What the task requires: Print, exactly as they stand, the lines below from the one that has "TZ60W具有机动灵活、转场" to the one that has "La Fabrik à", inclusive, leaving out the pictures.

Source material:
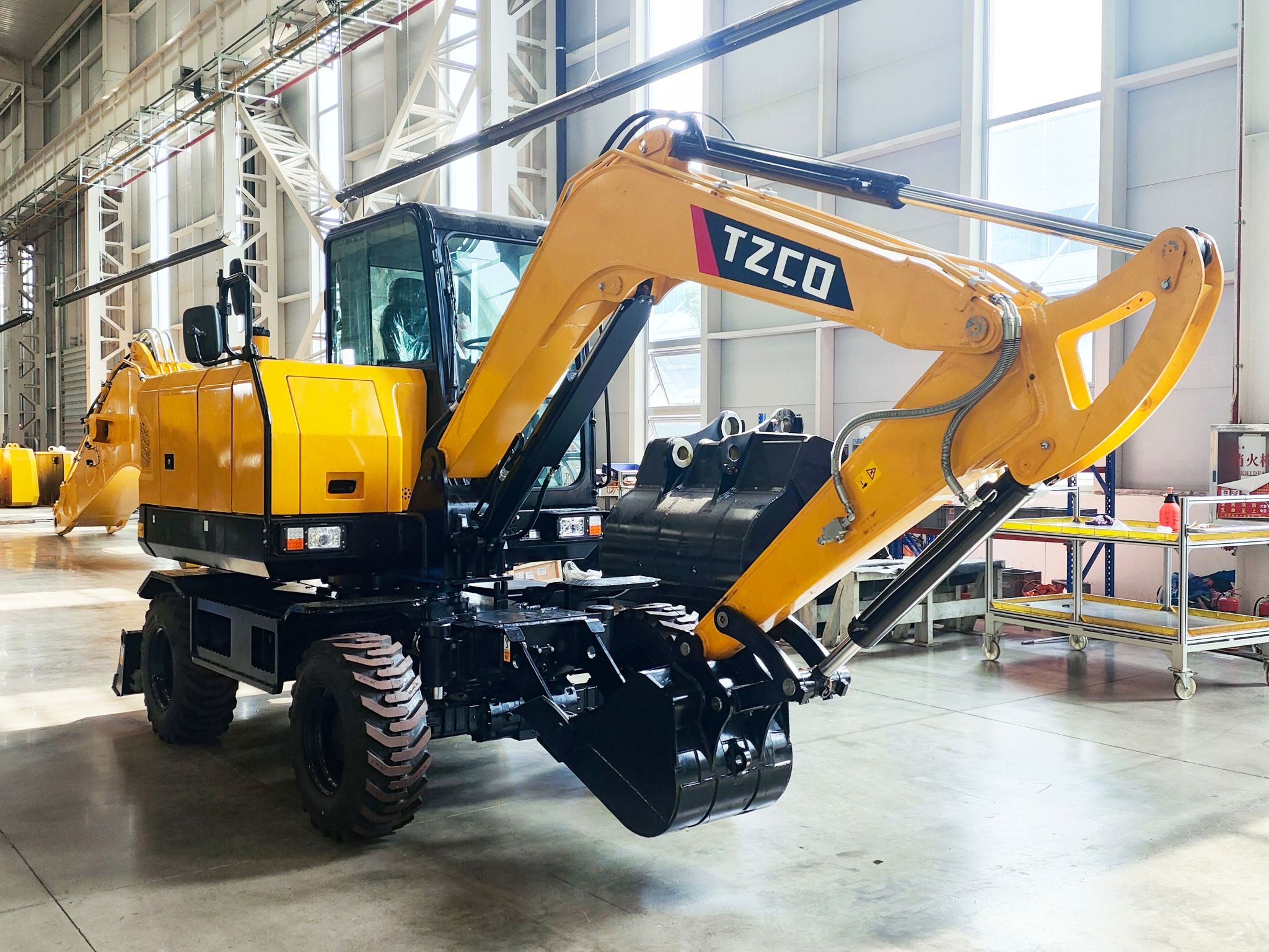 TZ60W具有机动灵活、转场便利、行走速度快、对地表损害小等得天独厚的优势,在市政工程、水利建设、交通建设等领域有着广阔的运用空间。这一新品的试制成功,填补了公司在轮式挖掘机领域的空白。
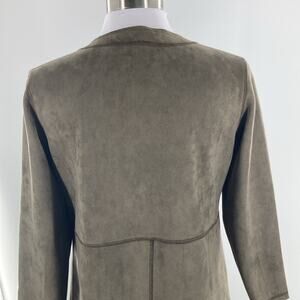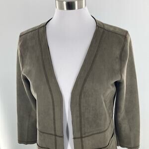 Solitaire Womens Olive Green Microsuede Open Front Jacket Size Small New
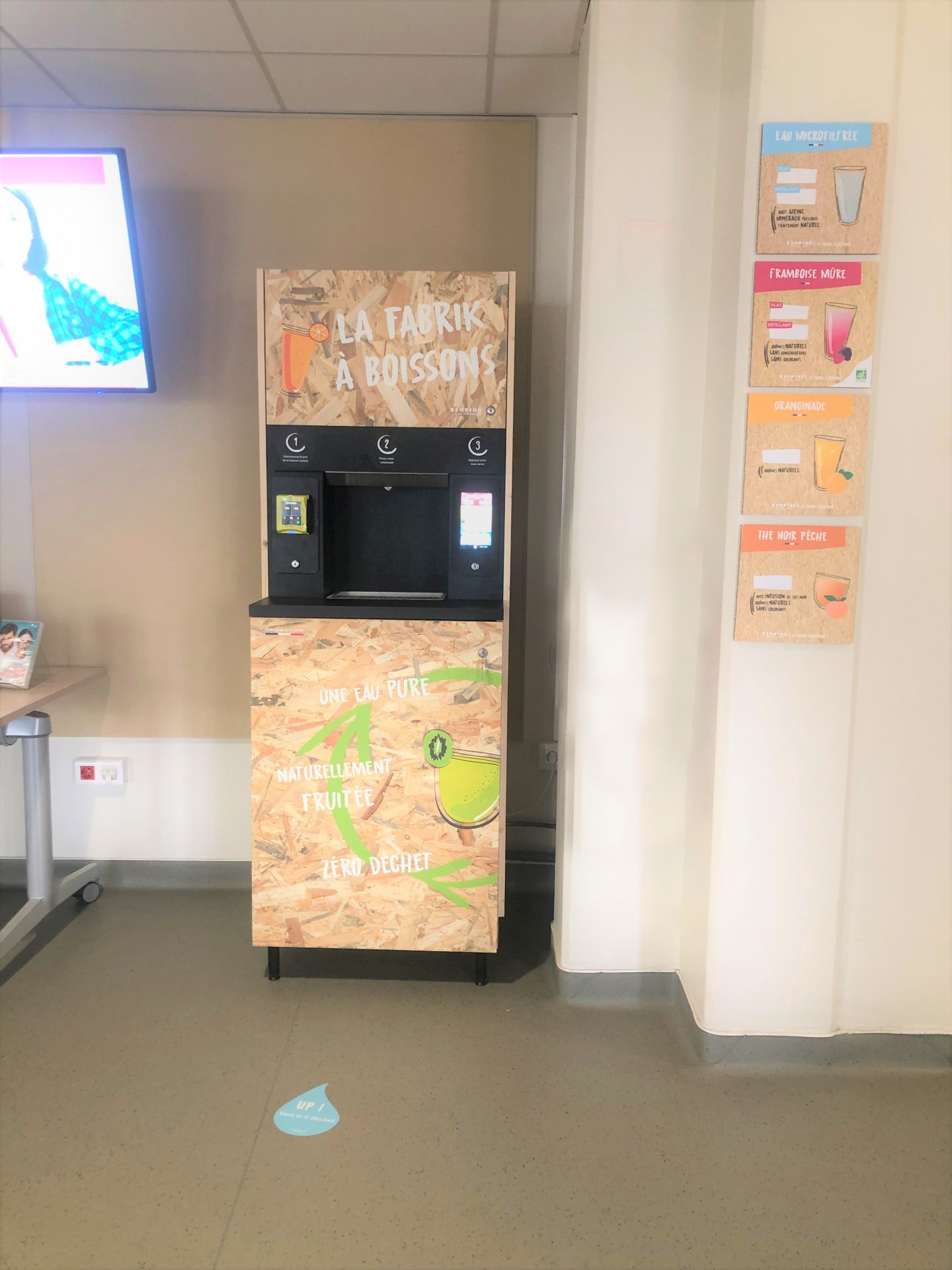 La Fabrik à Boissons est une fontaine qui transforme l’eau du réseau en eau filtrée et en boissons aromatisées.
...
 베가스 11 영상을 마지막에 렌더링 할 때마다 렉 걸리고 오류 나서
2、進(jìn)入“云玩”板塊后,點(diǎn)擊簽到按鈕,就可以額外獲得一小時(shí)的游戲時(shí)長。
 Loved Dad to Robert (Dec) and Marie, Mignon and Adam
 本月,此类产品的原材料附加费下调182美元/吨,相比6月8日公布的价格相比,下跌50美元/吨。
...
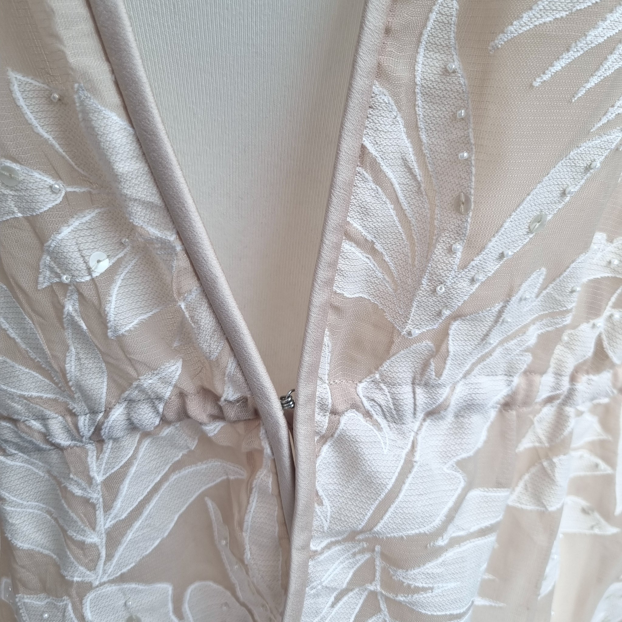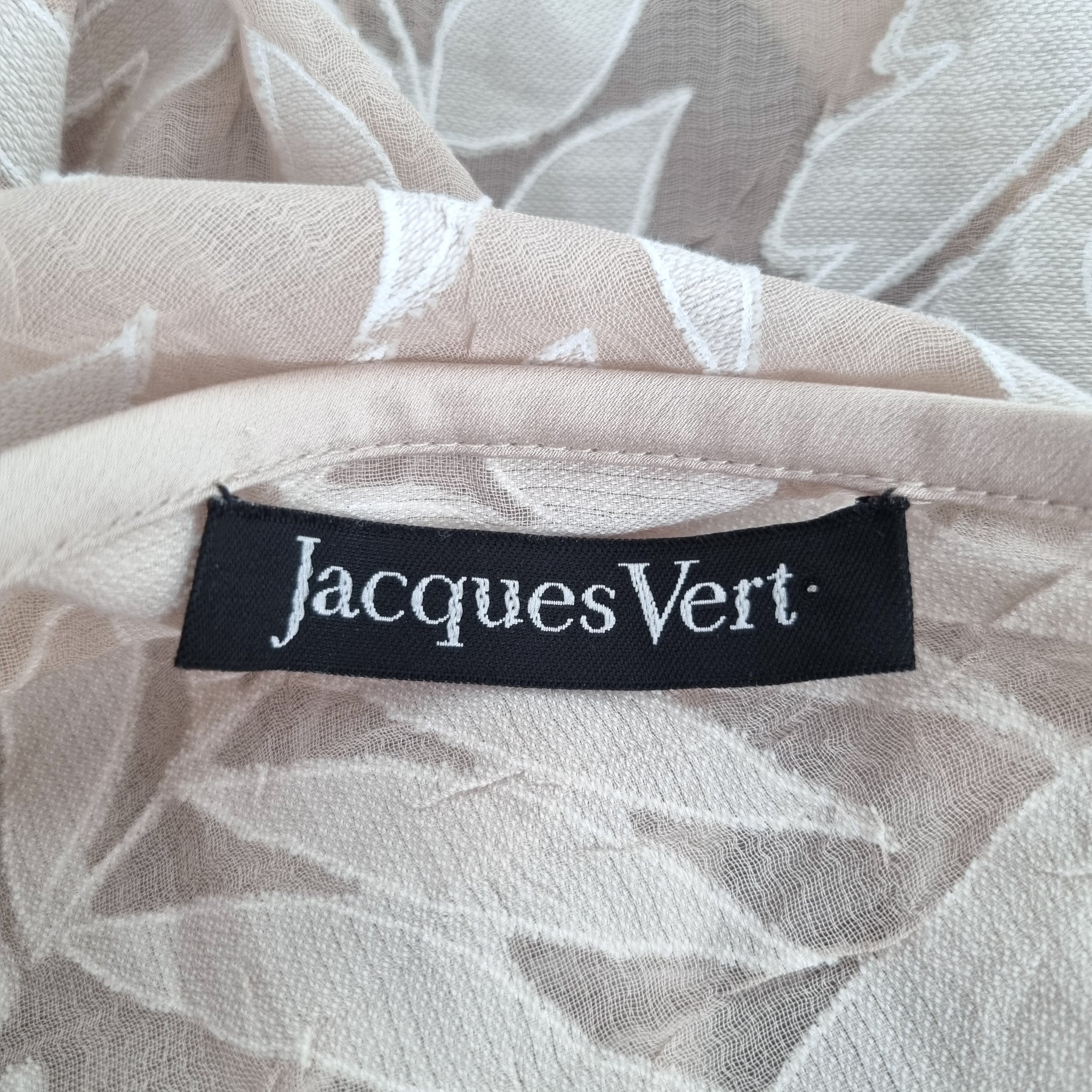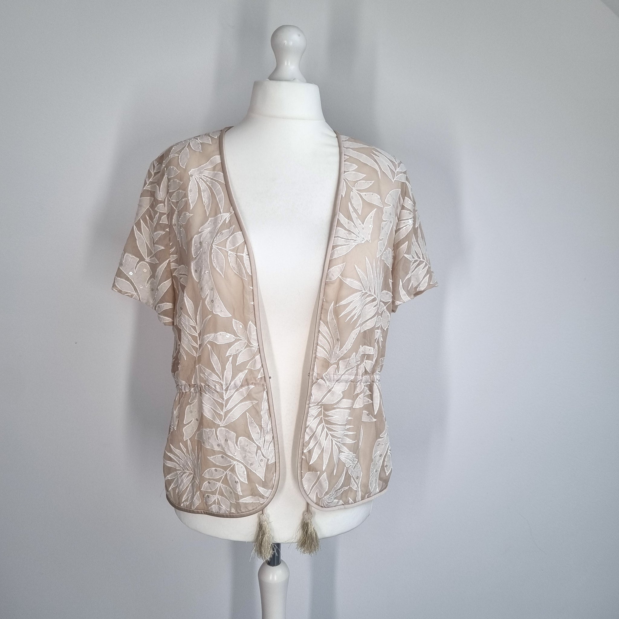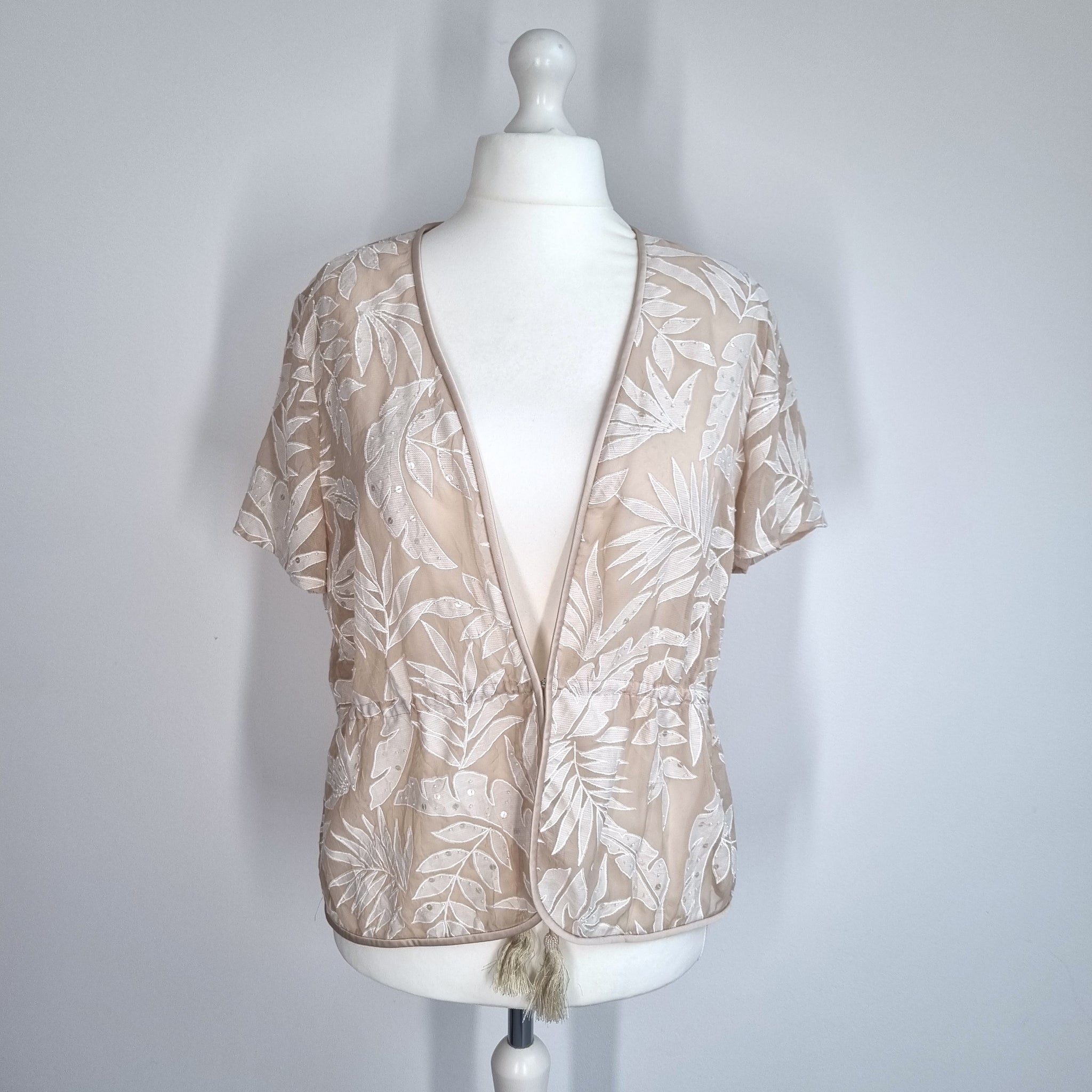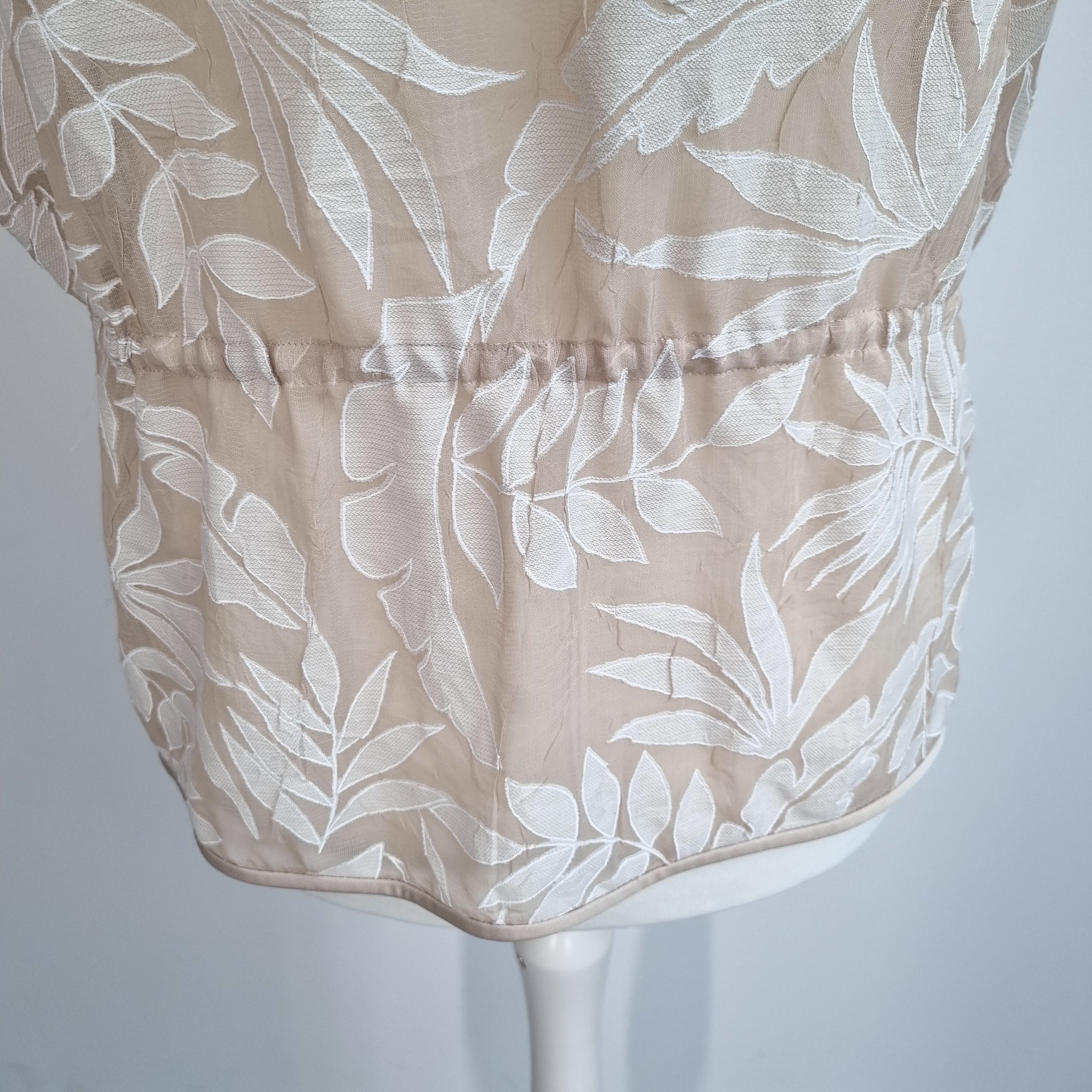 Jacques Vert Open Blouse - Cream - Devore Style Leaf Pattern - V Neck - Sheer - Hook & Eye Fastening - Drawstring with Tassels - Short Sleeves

Solution to this task:
 TZ60W具有机动灵活、转场便利、行走速度快、对地表损害小等得天独厚的优势,在市政工程、水利建设、交通建设等领域有着广阔的运用空间。这一新品的试制成功,填补了公司在轮式挖掘机领域的空白。
 Solitaire Womens Olive Green Microsuede Open Front Jacket Size Small New
 La Fabrik à Boissons est une fontaine qui transforme l’eau du réseau en eau filtrée et en boissons aromatisées.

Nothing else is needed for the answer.